New York and New Jersey marijuana regulators briefly sparred on Twitter on Tuesday over which state took a better approach to launching its adult-use cannabis market. But after suggesting that New Jersey put profits ahead of equity, New York officials deleted their post.
New Jersey’s Cannabis Regulatory Commission (NJ-CRC) threw the first punch, sharing an article about the first (and, so far, only) recreational marijuana shop to open in neighboring New York last week.
Aww…on our first day we did 12, but congrats on this one, it’s cute! Congratulations, NYC!
New York opens its first legal recreational marijuana dispensary https://t.co/yNGJ9iIGpz
— New Jersey Cannabis Regulatory Commission (@NewJerseyCRC) January 3, 2023
“Aww…on our first day we did 12, but congrats on this one, it’s cute! Congratulations, NYC!” the commission teased.
The New York Office of Cannabis Management (OCM) was quick to hit back, defending its more gradual rollout as a deliberate strategy to ensure that the state’s market puts equity first with businesses operated by people most harmed by the drug war.
“Good things take time. You know, equity and impact, over quantity and corporate profits,” OCM said in the since-deleted post. “We’re going to make sure New York does this rollout the right way with a market centered on social and economic equity.”
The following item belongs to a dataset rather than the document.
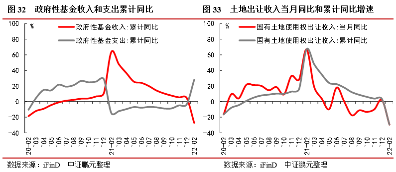 政府性基金收入負增長,主要受土地出讓金拖累。1-2月累計,全國政府性基金預(yù)算收入9,159億元,同比下降27.2%,由正轉(zhuǎn)負大幅減少,去年全年增速為4.8%。其中,國有土地使用權(quán)出讓收入7,922億元,同比下降29.5%,低于去年全年同比3.5%,也低于去年12月當(dāng)月同比2.2%,在商品房銷售、竣工同比繼續(xù)回落情況下,地產(chǎn)表現(xiàn)低迷,土地出讓金銳減也是預(yù)料之中,是政府性基金預(yù)算收入主要拖累因素。

Marijuana Moment reached out to New York’s OCM for clarification about why the tweet was deleted, but a representative did not immediately provide an explanation.
While New York currently has just one adult-use shop open for business, regulators have approved a total of 36 Conditional Adult Use Retail Dispensary Licenses (CAURDs), most owned by people who have been harmed by marijuana criminalization and others that will be run by non-profit organizations.
The shop that opened in New York last week is operated by the nonprofit organization Housing Works, which focuses on addressing AIDS and homelessness issues.
Meanwhile, there are 21 recreational dispensaries operating in New Jersey, where the first adult-use sales launched in April 2022. The majority of those are owned by a cluster of large, multi-state operators—a point of contention for advocates.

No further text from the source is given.